→ Work instructions
Return exactly, please, the line that contains "Olba Egg Tray" and every line after it through the end of the material that follows, leaving pictures aside.

→ Given data
━━━━━━━━━━

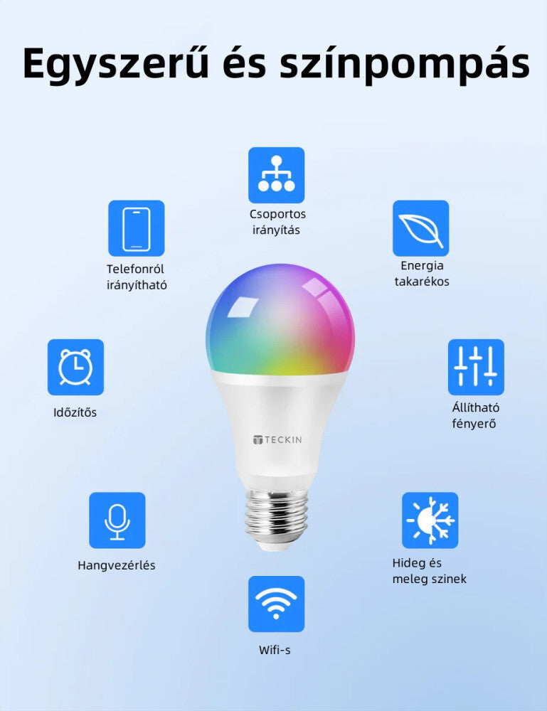 - Teckin SB50 Dúhová LED žiarovka je perfektnou voľbou pre všetkých, ktorí chcú svoj domov spraviť inteligentnejším, pohodlnejším a atmosférickejším. Táto inteligentná LED žiarovka spája funkčnosť, štýl a úsporu energie v jednom modernom riešení – aby sa každé svetlo okamžite prispôsobilo vašej nálade.
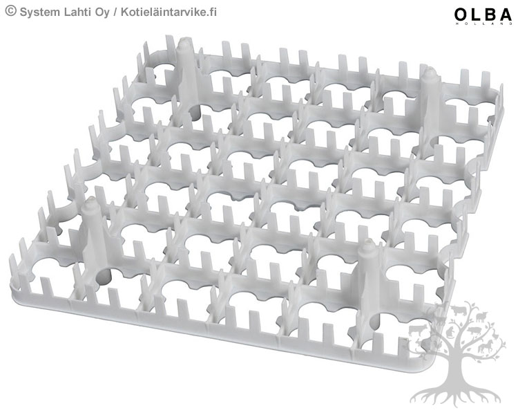 Olba Egg Tray 36 White. Egg tray for 306chicken eggs. Color: White. Dimensions: 28,7cm x28,7xm. Maximum egg size 47mm. Easy to use, stack and clean. The egg tray is made of durable and sturdy plastic.
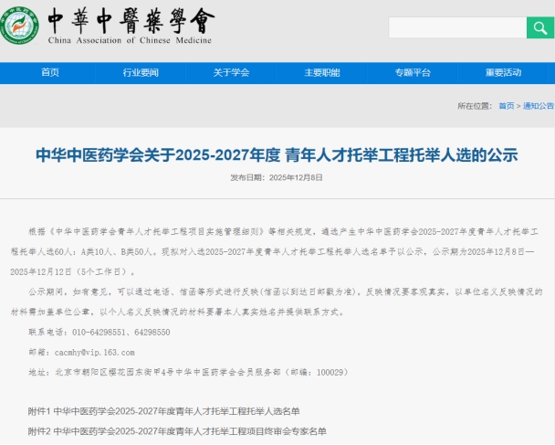 中华中医药学会2025-2027年度青年人才托举工程托举人选名单

━━━━━━━━━━

→ Answer area
 Olba Egg Tray 36 White. Egg tray for 306chicken eggs. Color: White. Dimensions: 28,7cm x28,7xm. Maximum egg size 47mm. Easy to use, stack and clean. The egg tray is made of durable and sturdy plastic.
 中华中医药学会2025-2027年度青年人才托举工程托举人选名单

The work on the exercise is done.